Neel Kashkari was (back) on CBS’s “Face the Nation” Sunday, and unlike Jerome Powell, he’s not shy about using prescriptive terms when it comes to discussing how Congress should exercise its spending powers.
“While historically we would worry about racking up too much debt, we’re generating the savings ourselves [and] that means Congress has the resources to support those who are most hurting”, he told John Dickerson, referencing the surge in the personal savings rate.
“Those of us who [are] fortunate enough to still have our jobs, we’re saving a lot more money because we’re not going to restaurants or movie theaters or [on] vacations”, he continued. “That actually means we have a lot more resources as a country”.
I’m not sure that’s the best way to conceptualize of the nation’s current predicament, but if it works to recast the narrative around the surge in the savings rate and, in turn, helps to prod recalcitrant Republicans along, then so be it.
Some members of the GOP have pointed to the rise in the savings rate as evidence that more stimulus isn’t necessary. As discussed here on Friday, it’s starting to come down (figure below), which is either good news or bad news depending on how you want to look at things. On one hand, it suggests Americans are spending, but on the other, it could mean that to the extent the benefits doled out in the wake of the panic were superfluous for some folks, they are less so as the crisis drags on and money is spent on necessities.
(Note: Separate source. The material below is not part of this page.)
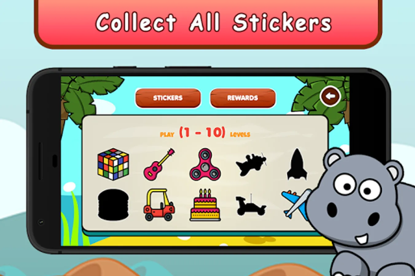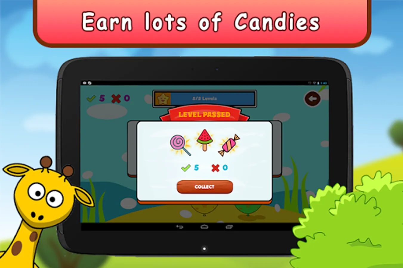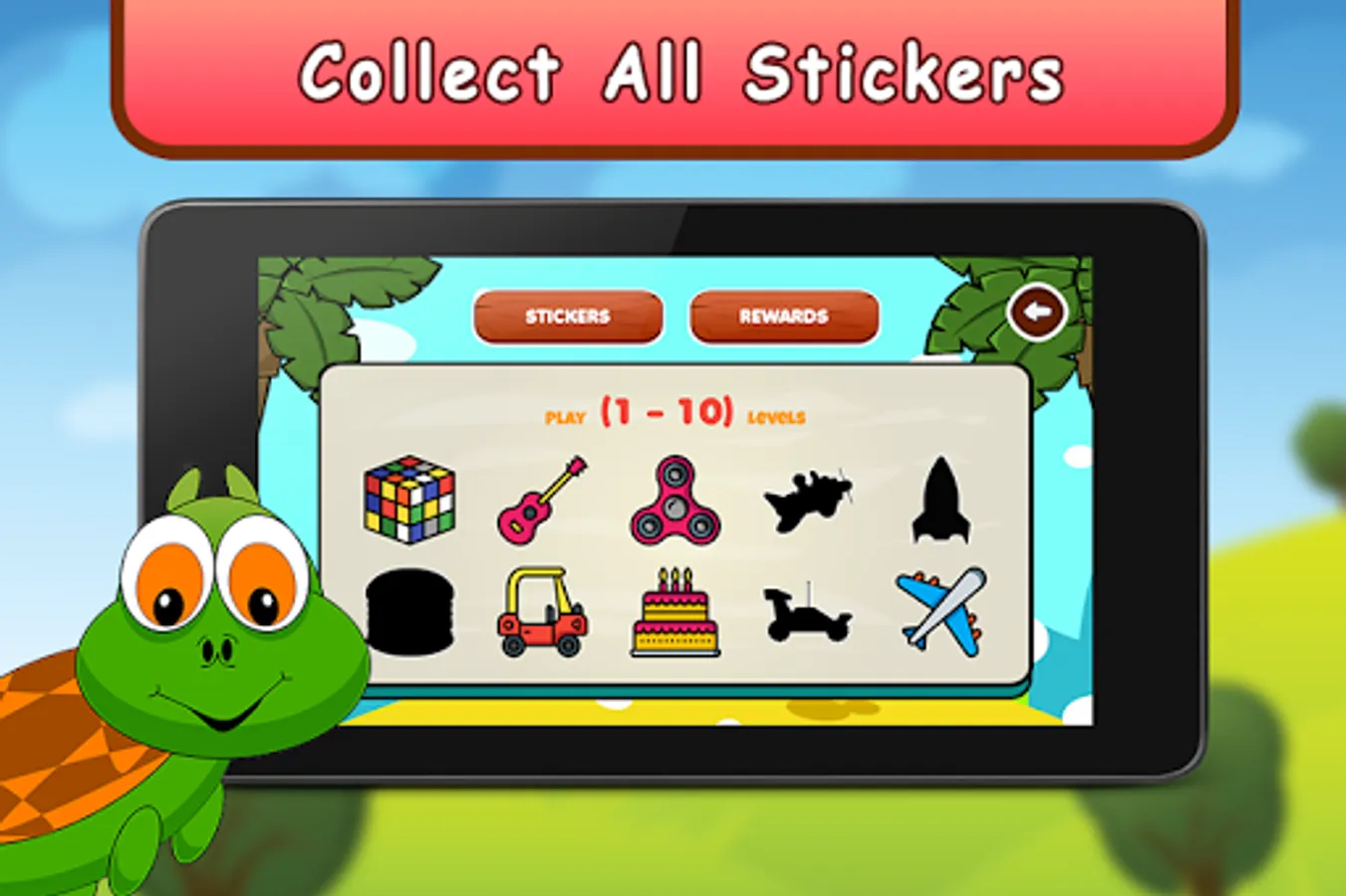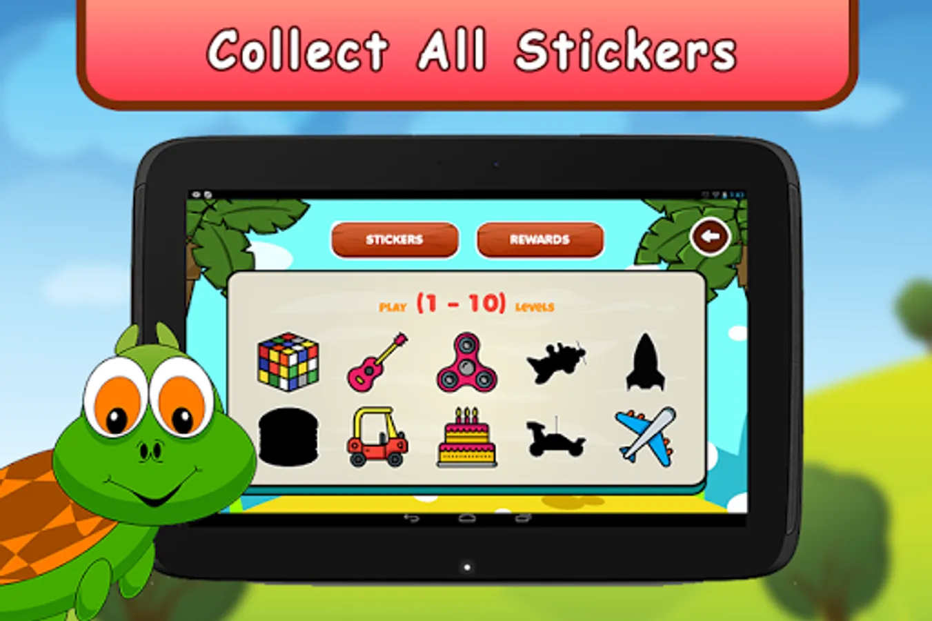 Your task is to unlock levels using the candies earned in practice mode. Each level includes an interactive puzzle with awesome graphics. On Completion of each puzzle an amazing sticker is rewarded. You need to collect all the 40 stickers by unlocking all the levels in the game mode. This sticker based game adds an additional fun to the game and helps to keep child's interest in learning.

If the higher savings rate is, in fact, explainable by reference to government handouts and not to Kashkari’s story about well-to-do Americans not going out to eat, then accepting the rest of his argument suggests a certain circularity — that is, transfer payments are propping up the savings rate and the higher savings rate is then used to justify more transfer payments. Obviously, that’s absurd.
Less absurd is Kashkari’s contention that low rates means Congress should borrow to fund stimulus. “Right now the US can fund itself at very, very low rates”, he remarked, during the same interview. “Congress should use this opportunity to support the American people and the American economy”.
No arguments there, although I would generally contend that Fed officials should just drop the charade and give the public the unvarnished truth, which is that they are capping borrowing costs for the government and monetizing the debt issued to fund the stimulus. There’s little (or no) utility in trying to dance around this anymore.
After reiterating his contention from earlier this year that, absent a vaccine, the economy is likely to suffer from rolling stoppages like those we’re seeing in hotspot states currently, Kashkari suggests that it might be preferable to just institute a “hard” lockdown in order to get the infection count lower and set the stage for a more sustainable recovery.
“If we were to lockdown really hard… for a month or six weeks, we could get the case count down so that our testing and our contact tracing was actually enough to control it”, he said.
“I hate to even suggest it”, Kashkari added, referencing the “hard” lockdown option. “People will be frustrated by it”.
They sure will, Neel. They sure will.